In 2003, the Centurion BARV’s replacement was introduced. This is tThe British Hippo Beach Recovery Vehicle, which had been in development under the project name of “Future Beach Recovery Vehicle” (FBRV). The Hippo is a conversion by Alvis Moelv of a Leopard 1A5 tank. The incorporation of Alvis Vickers into BAE Systems meant that elements of the work moved to BAE Land Systems, Sweden, formerly known as “Hägglunds”, another ex-Alvis company.

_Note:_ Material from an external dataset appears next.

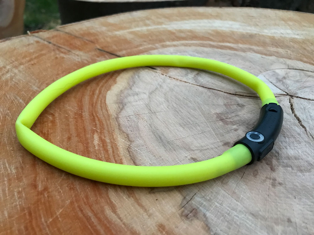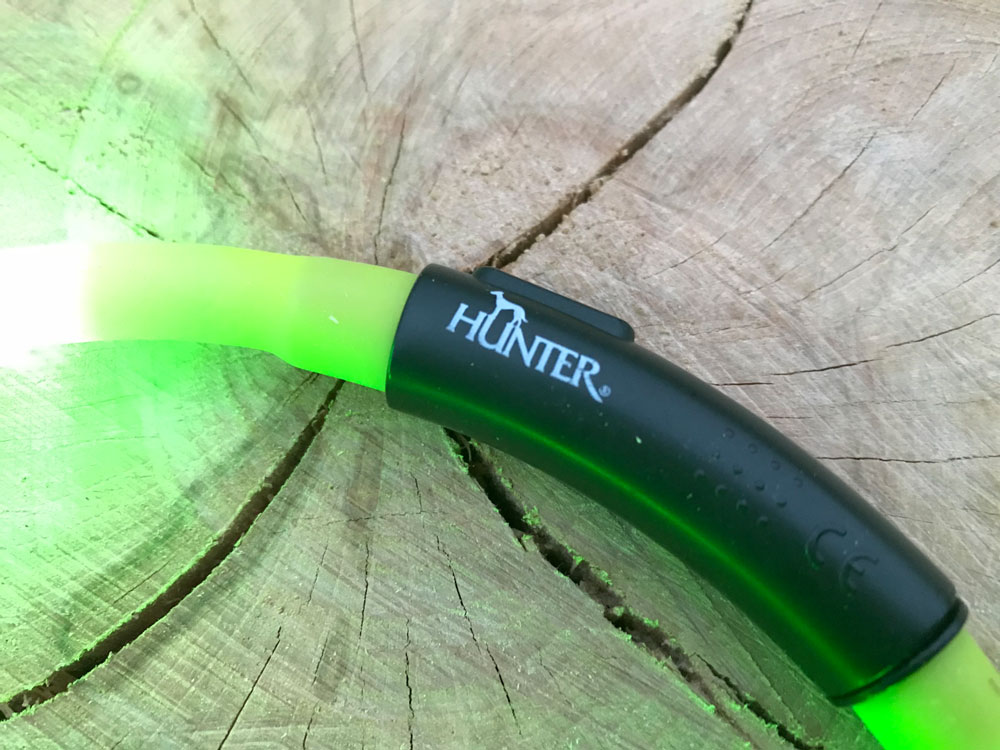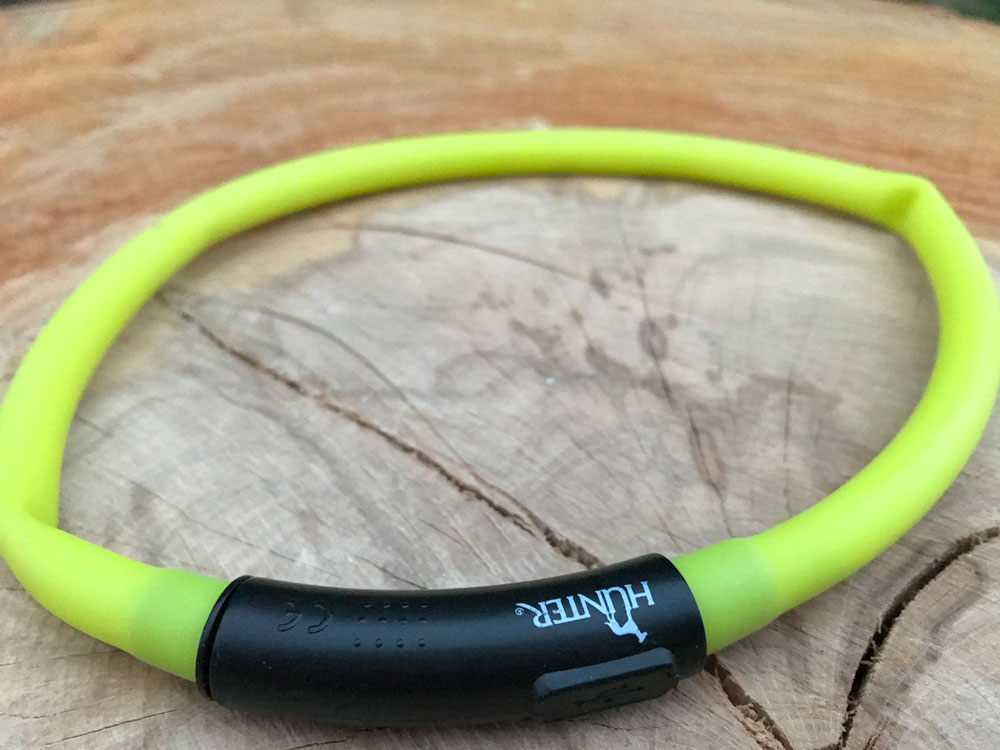Jedná se o silikonový dobíjecí svítící LED obojek Hunter, je k dostání v několika barevných provedení a je vhodný pro psy s obvodem krku 20 – 70 cm. Ano čtete dobře, byl to vlastně hned první problém, který jsem řešila, jakou délku zvolit, bála jsem se, že příliš malý nebude v chlupech vidět, ale jak správně délku odhadnout. Tento obojek to vyřešil za mě, koupíte si jednu délku a podle potřeby si jej zkrátíte doma už přímo po vyzkoušení na psovi.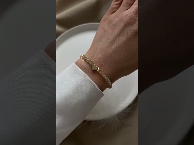 Хрустальный браслет цвета шампань с бусиной в форме сердца — это изысканное украшение, которое сочетает мягкое сияние кристаллов и романтичный символ любви. Нежный оттенок шампань придаёт браслету особую элегантность, а блеск хрустальных бусин красиво отражает свет, создавая эффект деликатного мерцания.

As with earlier generations of BARV, the main alteration has been the replacement of the turret with a raised superstructure which, in this case, resembles the bridge or wheelhouse of a small ship. The original 830 hp (634 kW) diesel engine has been retained but the gearing of the transmission had been lowered; this has reduced the vehicle’s road speed from 65 km/h (40 mph) to 32 km/h (20 mph), but its tractive force has been increased to 250 kN (56,000 lbf).
Other modifications include the addition of working platforms, a nosing block, raised air intakes and an auxiliary power unit; this has raised the weight of the vehicle from 42.5 tonnes to 50 tonnes. The Hippo has a fording depth of 2.95m and can pull vehicles up to 50 tonnes weight or push off from the beach a 240 tonne displacement landing craft.
Currently, four Hippos are in service, one each on HMS Albion and Bulwark, with two based at the 11 (Amphibious Trials and Training)Squadron, 1 Assault Group Royal Marines. The vehicle is reportedly well liked by its users, but its lack of commonality with the other armoured vehicles used by the UK has caused spares support problems.
The Netherlands Marine Corps operates four similar Dutch Leopard 1V-based BRV vehicles known as Hercules, Samson, Goliath and Titan which operate out of the Royal Netherlands Navy assault ships of the Rotterdam class. The vehicles have a similar specification but a different cabin appearance. They too replaced Centurion BARVs.